You can send to Log Analytics (KQL query), Storage Account (long-term archiving) and Event Hub (integration with Splunk, Datadog, etc.) simultaneously.


13. Final Summary​

Essential concepts:

  • Metrics are time series of numerical values automatically collected from Azure resources, stored for 93 days with granularity up to 1 minute.
  • Each metric can have dimensions that allow filtering (see only errors) or splitting (separate by operation type) the data.
  • The Metrics Explorer is the main interface for interactive visualization with scope, namespace, metric and aggregation as main controls.

Critical differences:

  • Platform Metrics vs Guest OS Metrics: Platform metrics are automatic. Guest metrics require Azure Monitor Agent installed on VM to collect internal OS metrics (memory, disk).
  • Average vs Maximum vs Percentile: Average for trends. Maximum for peaks. P95/P99 for real user experience latency.
  • Splitting vs Filtering: Splitting creates separate lines in the chart by dimension value. Filtering shows only data corresponding to a specific dimension value.
  • Platform Metrics vs Log Analytics: Metrics are optimized for real-time alerts and have 93-day retention. Log Analytics has configurable retention and allows correlation with logs.

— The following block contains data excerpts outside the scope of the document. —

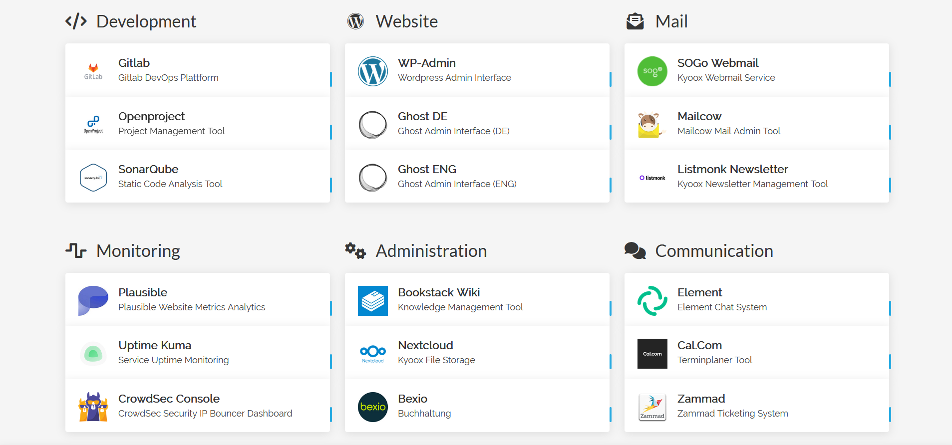 Das Kyoox Cockpit ist Ihre Antwort auf die Herausforderungen der modernen Unternehmensführung. Es ist die perfekte Lösung für Unternehmen, die nach einer effizienten Möglichkeit suchen, ihre Webtools zu organisieren und den Zugriff zu optimieren.
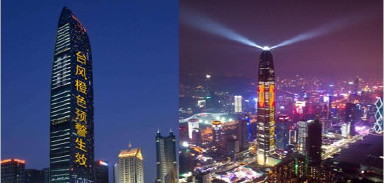 “山竹”影响期间,首次通过平安大厦、京基100 等高层楼宇外墙显示预警信息。2018年9月,超强台风“山竹”袭击深圳。9月14日12时30分,盐田国际集装箱码头有限公司收到市气象台发布的台风白色预警,考虑到该台风强度超强,便决定停止闸口交收服务,并提前告诉拖车司机,避免盐田区交通堵塞,港口空箱全部绑扎。
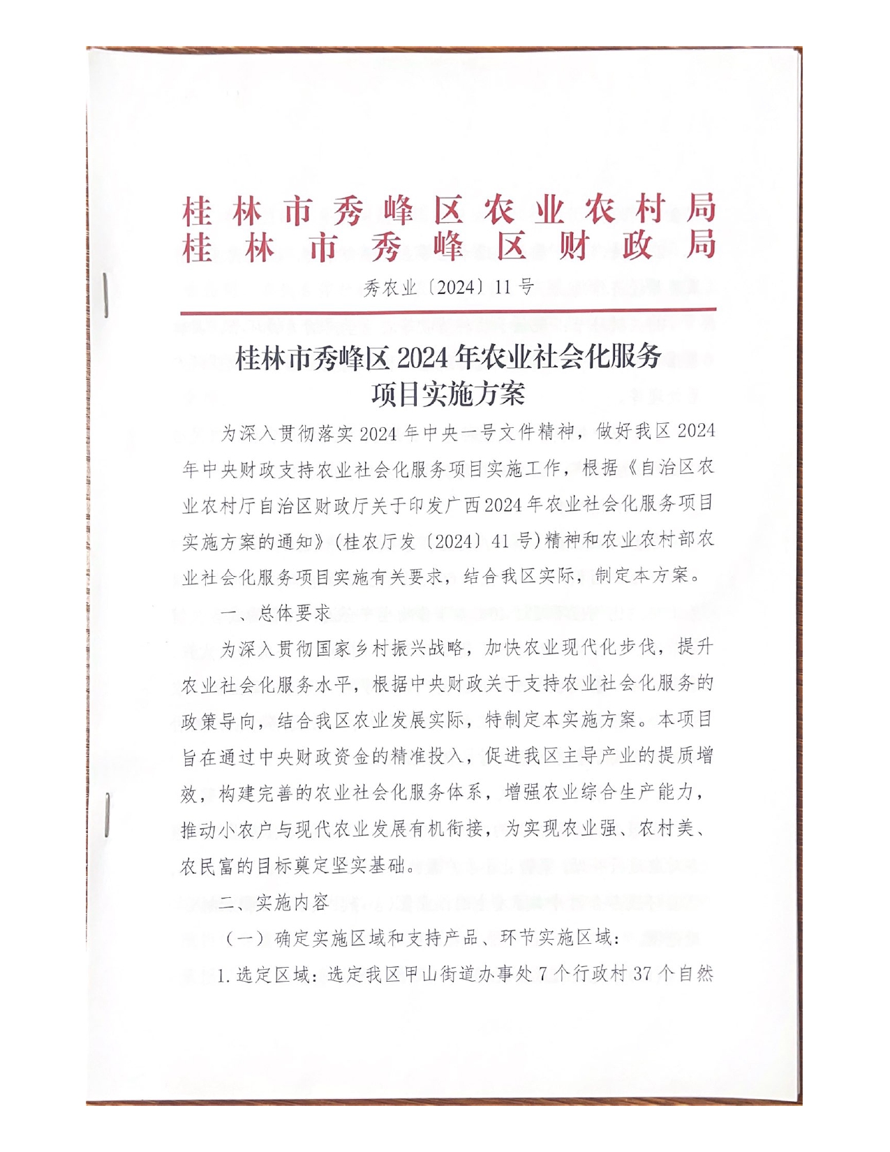 桂林市秀峰区2024年农业社会化服务项目实施方案
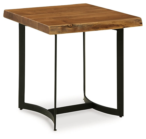 Signature Design by Ashley®This end table's classic yet contemporary good looks are hard to deny. Softly shaped posts with a light oak finish and wire-brushed wood grain text...
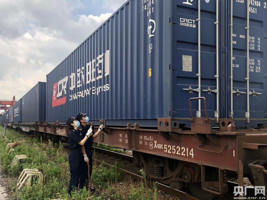 廣州海關(guān)所屬?gòu)V州車(chē)站海關(guān)關(guān)員對(duì)發(fā)運(yùn)前的班列集裝箱標(biāo)識(shí)號(hào)進(jìn)行核查 (央廣網(wǎng)發(fā) 海關(guān)供圖)
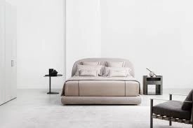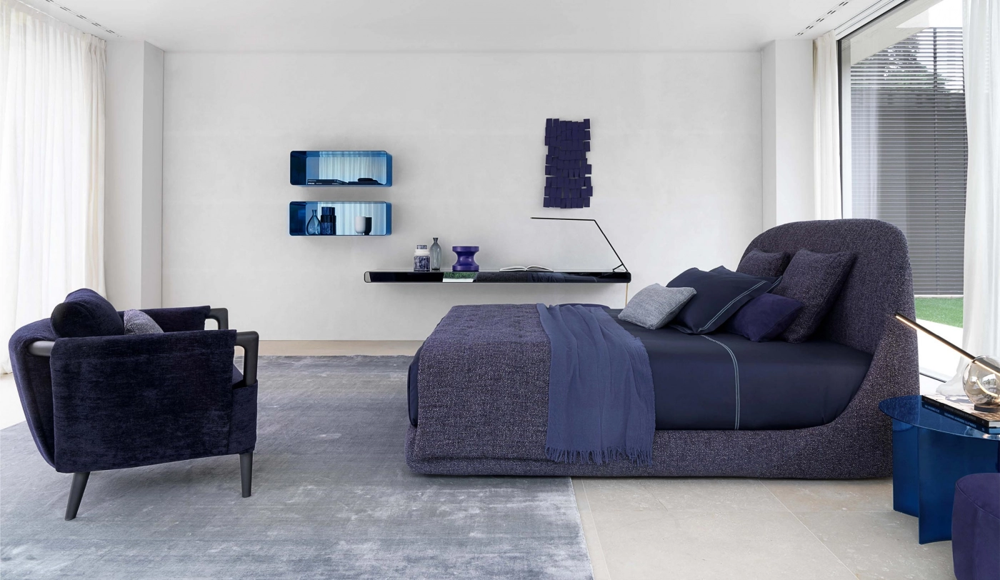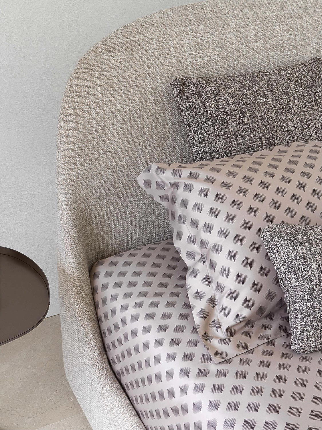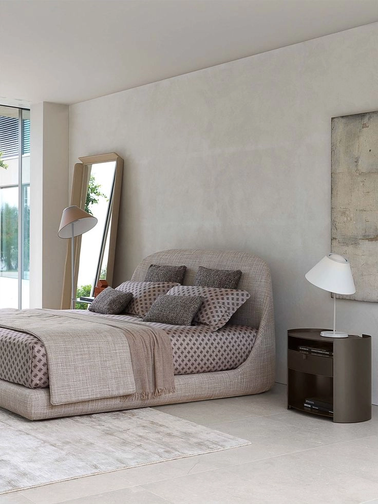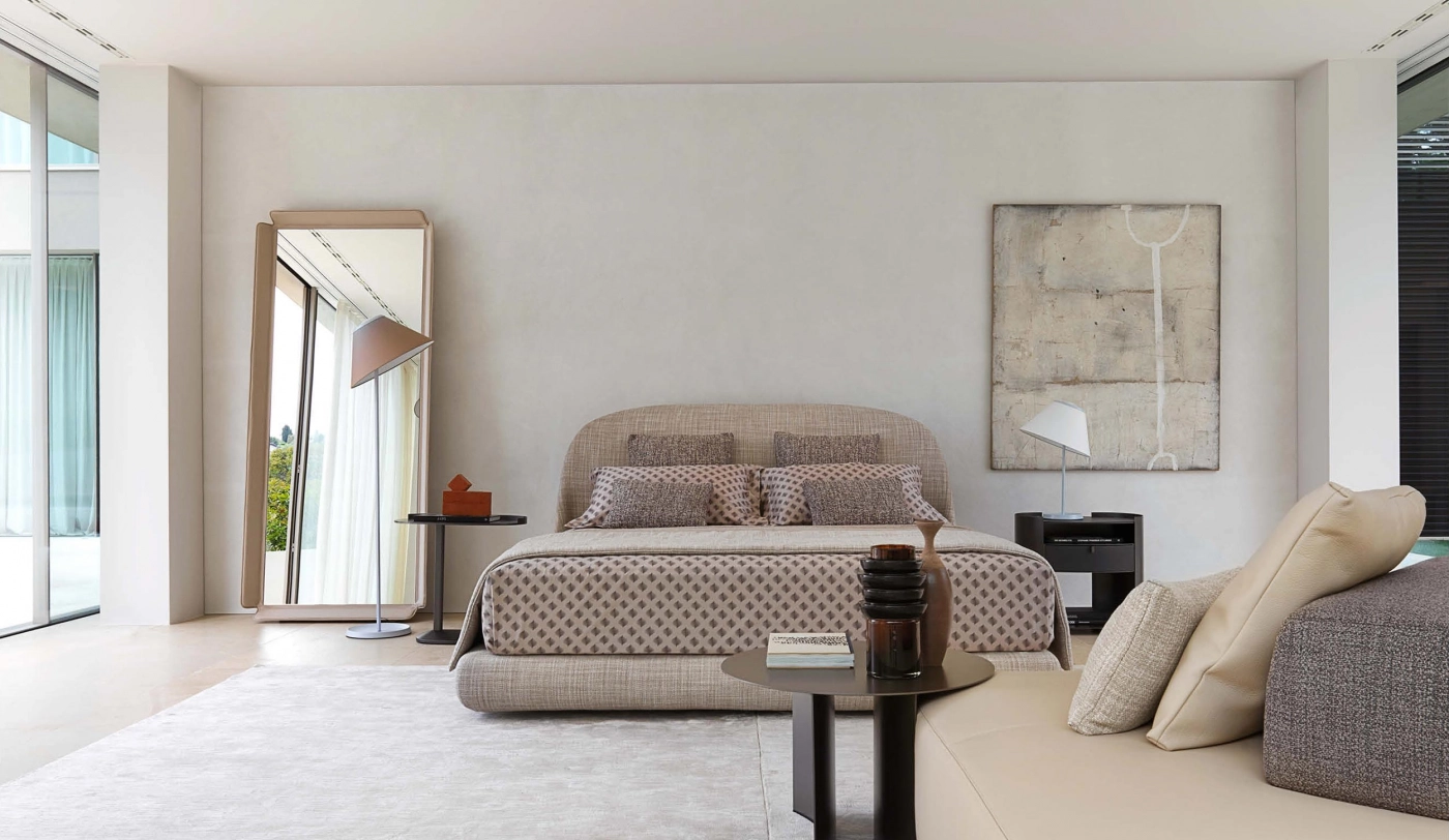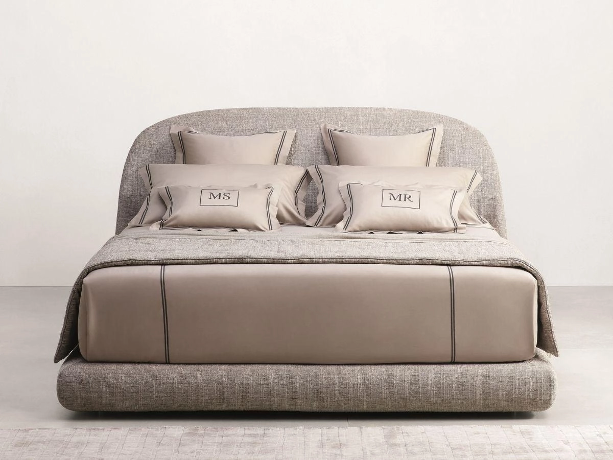 A double-size bed designed for extremely deep mattresses. A curved line forms the soft headboard, without continuity. Taormina was developed to offer customers a double-size bed for large mattresses that are deeper than standard. The shape of the bed clearly suggests relaxation and intimacy. The proportions of Taormina have been carefully studied to give the right emphasis to the comfort of the mattress without exaggerating the height, and furnish the bedroom with harmony and elegance. There is no continuity between the headboard and the bed base. Its soft generous and welcoming curve is highlighted by the exposed stitching along the edges.

What needs to be remembered:

  • Platform metrics have latency of 2 to 3 minutes after the event. Don't confuse absence of data with non-existence of activity.
  • For analysis beyond 93 days, configure export to Log Analytics or Storage Account before needing it.
  • Autoscale uses only platform metrics, not guest metrics or logs.
  • For VMs, memory metrics don't appear by default in the platform namespace; Azure Monitor Agent is needed for guest metrics.
  • Use P95 or P99 for latency metrics in any user experience analysis. Latency averages are misleading.
  • Available granularity decreases over time: 1-minute data remains available for 93 days, but older historical data only exists in larger granularities.